After a brief detour into country with “A Child’s Claim To Fame,” Again turns to a pair of pensive songs: “Everydays” and “Expecting to Fly,” written and performed by Stills and Young respectively. The former sees Stills layering an introspective lyrical portrait of ennui over a minimalist arrangement marked by the peal of an occasional distorted electric guitar and constant background tinkling of jazz-inflected piano. Young’s “Expecting to Fly” likewise stands out for its haunting and ethereal account of a failed romantic relationship. His evocative lyrics – the narrator’s formerly significant other “stood on the edge of a feather/Expecting to fly” while he himself “tried so hard to stand/As I stumbled and fell to the ground” – float through an otherworldly and deceptively sparse soundscape.
But it’s the exquisite “Bluebird” that almost single-handedly stakes Again’s claim to greatness and easily stands as the band's single best song. Written by Stills, the final track on the album’s first side launches with a quick and searing Neil Young electric guitar solo. Stills then tears into the vocals with a fierce urgency:
Listen to my bluebird laugh
She can't tell you why
Deep within her heart, you see
She knows only crying, just crying
An extraordinary acoustic guitar solo from Stills ushers in the transition from the frenetic, psychedelic rock of the song’s first two minutes to its quieter, folk-inspired conclusion – a coda complete with delicate banjo picking.
It’s a kaleidoscopic arrangement that’s beautifully complemented by the vivid and melancholy imagery of Stills’ lyrics. He tells the tale of the titular bluebird, an outwardly happy but inwardly depressed young woman chronically longing for the object of her affection.
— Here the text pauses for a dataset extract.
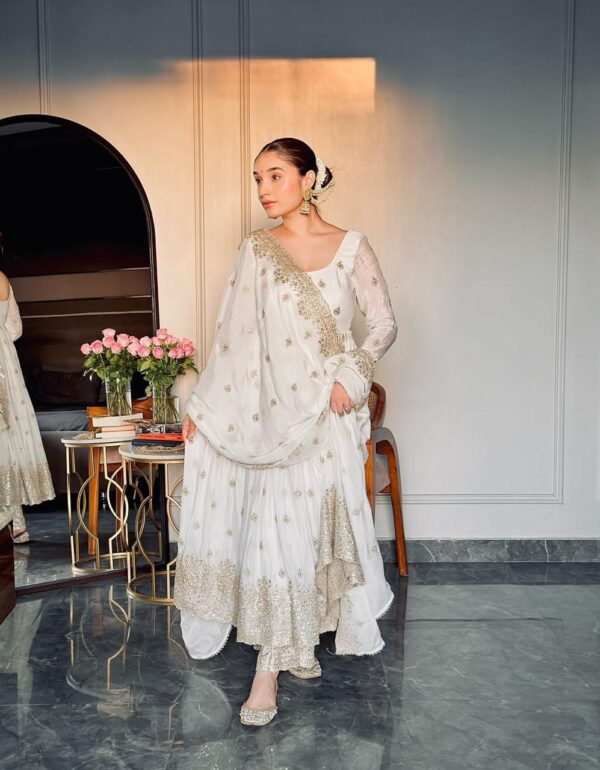 GOWN • Fabric: Pure Chinon Silk with Heavy Embroidery and 5mm Sequin Work • Sleeves: Full (24–25 inches) with attached pad • Inner: Heavy Micro Cotton • Length: 53–54 inches • Flair: 3 meters • Stitching: Fully stitched and ready to wear BOTTOM (Pant) • Fabric: Heavy Butter Silk with Embroidery Work and Elastic Waist • Length: 40–41 inches • Stitching: Fully stitched DUPATTA • Fabric: Pure Chinon Silk • Work: Embroidery with 5mm Sequin Work • Stitching: Fully finished

She’s got “all those blues/Must be a thousand hues” – but at the same time she’s caught the narrator’s eye, who sits “mesmerized/By the depth of her eyes” that reveal “She got soul.” But once the song shifts to its folk-influenced back half, Stills makes clear that its subject is “going to fly away” since her “Sadness is her own” and “Give herself a bath of tears/And go home.”
Side two of the album can’t compare with side one, quality songs like “Hung Upside Down,” “Sad Memory,” and “Good Time Boy” notwithstanding. But Again closes strong, with the low-key anxiety of Stills’ “Rock and Roll Woman” and Young’s “Broken Arrow.” A solid and straightforward rock number with a songwriting contribution (and alleged backing vocals) from David Crosby, “Rock and Roll Woman” features an infectious acoustic guitar riff and backing vocal harmonies punctuated by a bridge marked by a distorted electric guitar trading licks with a pulsating Hammond B3 organ.
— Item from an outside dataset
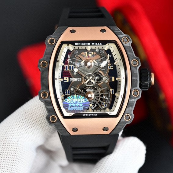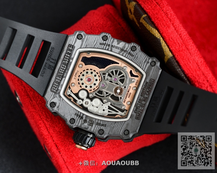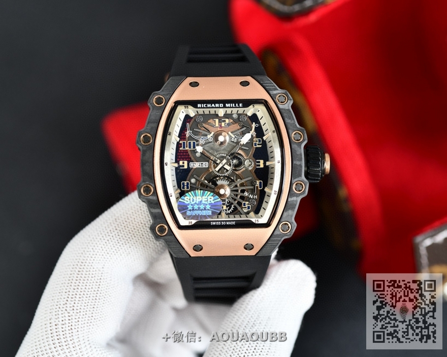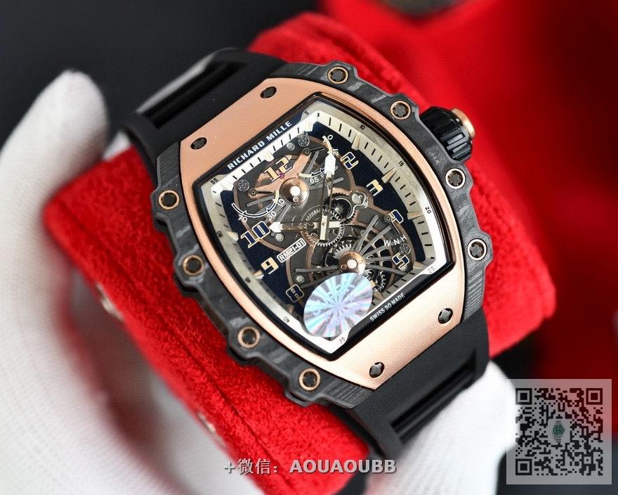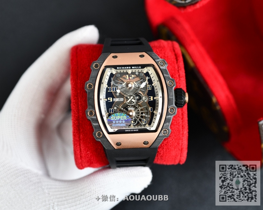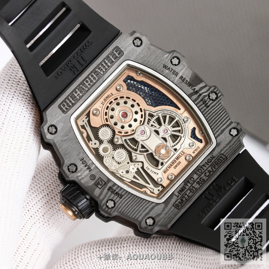 【品牌】理查德米勒【产品介绍】台湾KV理查德米勒 Richard Mille RM21-01系列 搭载全自动进口机械机芯 尺寸40x50x16mm 碳纤维材质打造的表圈和表柱作为架构支撑,进一步加固其精密结构。碳纤维材质这种轻盈又耐用的复合材质,通过使用自动化工艺将数百层碳纤维薄层叠加起来,并让每一层碳纤维呈现45度角交错,然后在高压釜中加热至120度,最后再以微米的精准度进行加工。这种强化结构如同铠甲般为表壳提供绝佳保护,并由20枚花键螺丝牢牢固定。RICHARD MILLE RM 21-01腕表,彷如一枚真正的腕间飞行器,以前沿科技作为澎湃动力,不断打破传统材质对于制表行业的桎梏。装载皇家橡树品质胶带 镂空的设计 充满科技 循规蹈矩?低调一成不变?这从来不是理查德-米勒的世界观。【款式】男款【尺寸】40mmx50mmx16mm【表带】橡胶表带【镜面】蓝宝石镜面【机芯】原装进口精工机芯【防水】50米防水【配件】原装盒,说明书,质保卡,吊牌,香港机打发票【品质检测】保证所有手表实物拍摄,所见即所得 , 手表发货前都会有严格检查测试,确保您收到的手表无质量问题

On “Broken Arrow,” Young returns to the theme of alienation that kicked the album off on “Mr. Soul.” That’s apparent from the live sample of the record’s opening track that opens the song, as well as the first verse's impressionistic sketch of the unrequited enthusiasm of rock fans who camp out in the rain just to catch a glimpse of their musical heroes as they leave a concert venue. Young’s lyrics become more abstract and brooding as the song proceeds, with breaks following verses filled respectively by a baseball organ, snare drum, and clarinet. The heartbeat that closes out the suite provides a fitting end to the album as a whole.
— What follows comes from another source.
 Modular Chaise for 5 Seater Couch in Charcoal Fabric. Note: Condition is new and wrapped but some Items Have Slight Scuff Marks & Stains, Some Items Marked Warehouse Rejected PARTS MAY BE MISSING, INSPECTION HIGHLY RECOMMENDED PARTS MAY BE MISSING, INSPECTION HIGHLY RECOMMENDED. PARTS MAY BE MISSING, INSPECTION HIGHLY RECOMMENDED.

Why give Buffalo Springfield Again a listen? “Bluebird” alone is worth the price of admission, but as a record Again provides eloquent testimony to the songwriting talents of Stephen Stills and Neil Young. At turns pensive and propulsive with a strong streak of melancholy, Again takes the listener on a cruise through the psychedelic ether of the late 1960s rock world – and proves that Buffalo Springfield deserves greater renown as a musical force in its own right.